Given data
Content starts
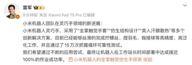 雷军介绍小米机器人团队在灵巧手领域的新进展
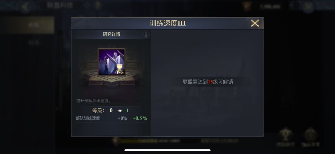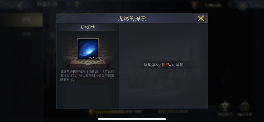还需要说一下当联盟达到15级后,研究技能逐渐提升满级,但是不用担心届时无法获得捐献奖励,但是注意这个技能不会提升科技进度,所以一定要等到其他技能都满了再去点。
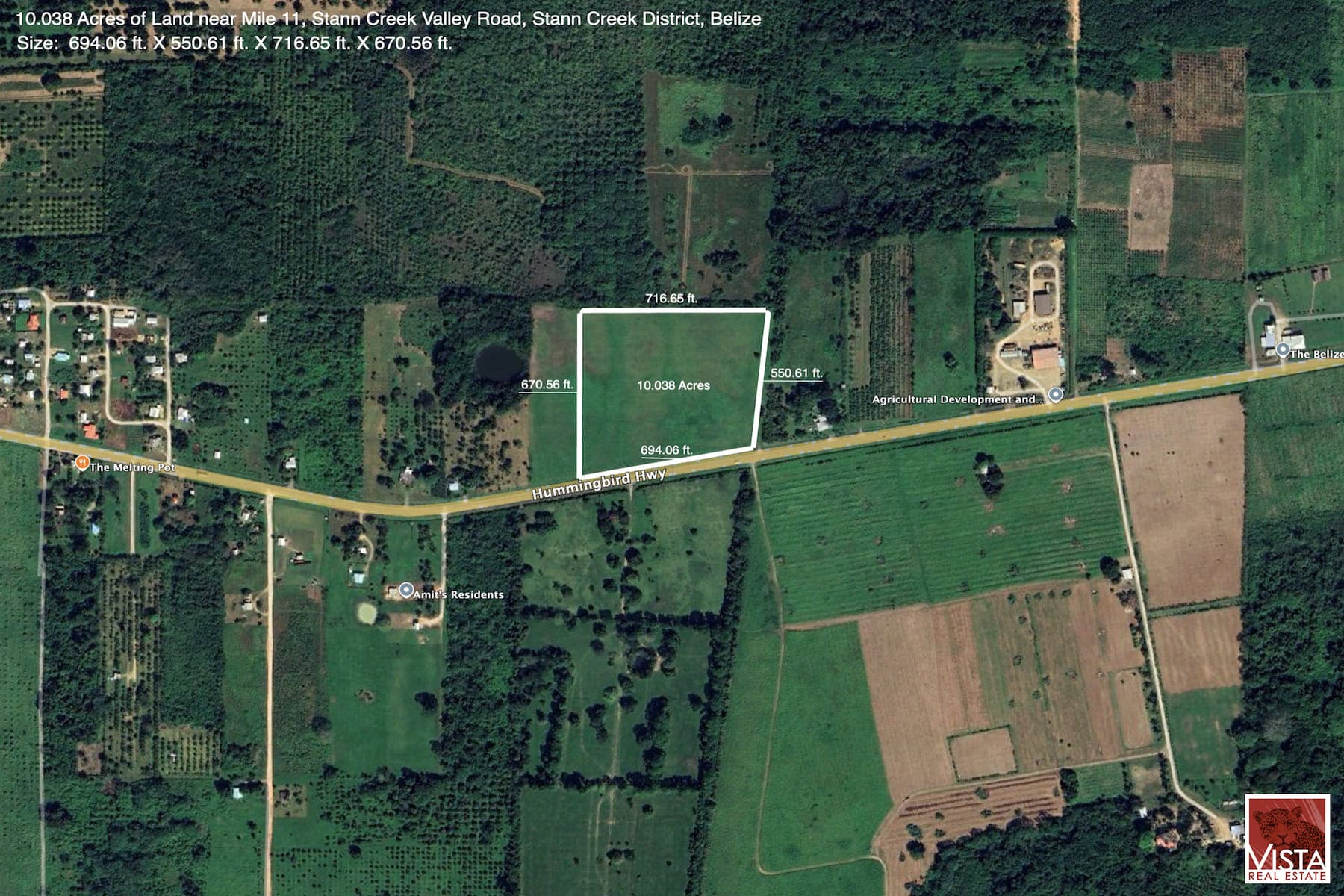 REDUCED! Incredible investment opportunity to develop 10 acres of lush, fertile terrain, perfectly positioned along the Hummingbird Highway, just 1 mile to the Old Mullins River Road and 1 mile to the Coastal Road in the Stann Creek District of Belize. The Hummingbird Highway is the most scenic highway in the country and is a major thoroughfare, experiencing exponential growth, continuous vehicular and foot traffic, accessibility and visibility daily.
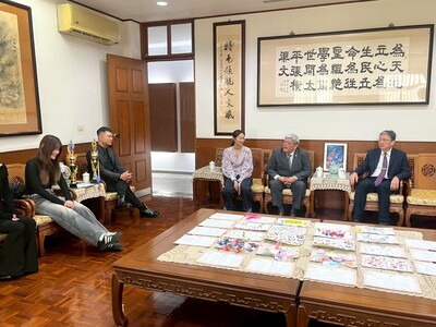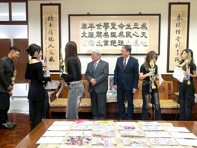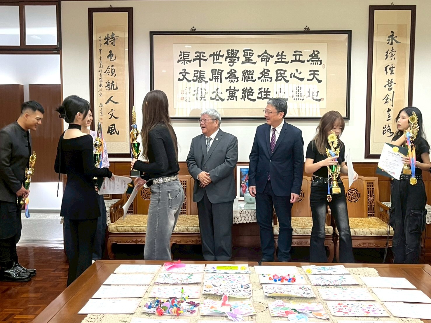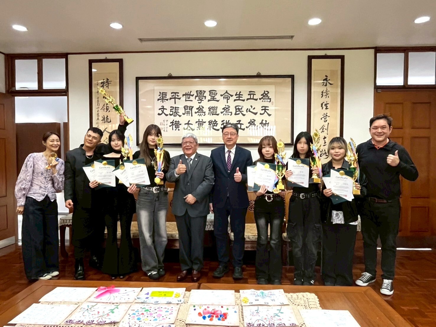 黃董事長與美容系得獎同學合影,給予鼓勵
Content ends
To do
The finished copy should match the data above word for word and contain no pictures.

Task result
 雷军介绍小米机器人团队在灵巧手领域的新进展
还需要说一下当联盟达到15级后,研究技能逐渐提升满级,但是不用担心届时无法获得捐献奖励,但是注意这个技能不会提升科技进度,所以一定要等到其他技能都满了再去点。
 REDUCED! Incredible investment opportunity to develop 10 acres of lush, fertile terrain, perfectly positioned along the Hummingbird Highway, just 1 mile to the Old Mullins River Road and 1 mile to the Coastal Road in the Stann Creek District of Belize. The Hummingbird Highway is the most scenic highway in the country and is a major thoroughfare, experiencing exponential growth, continuous vehicular and foot traffic, accessibility and visibility daily.
 黃董事長與美容系得獎同學合影,給予鼓勵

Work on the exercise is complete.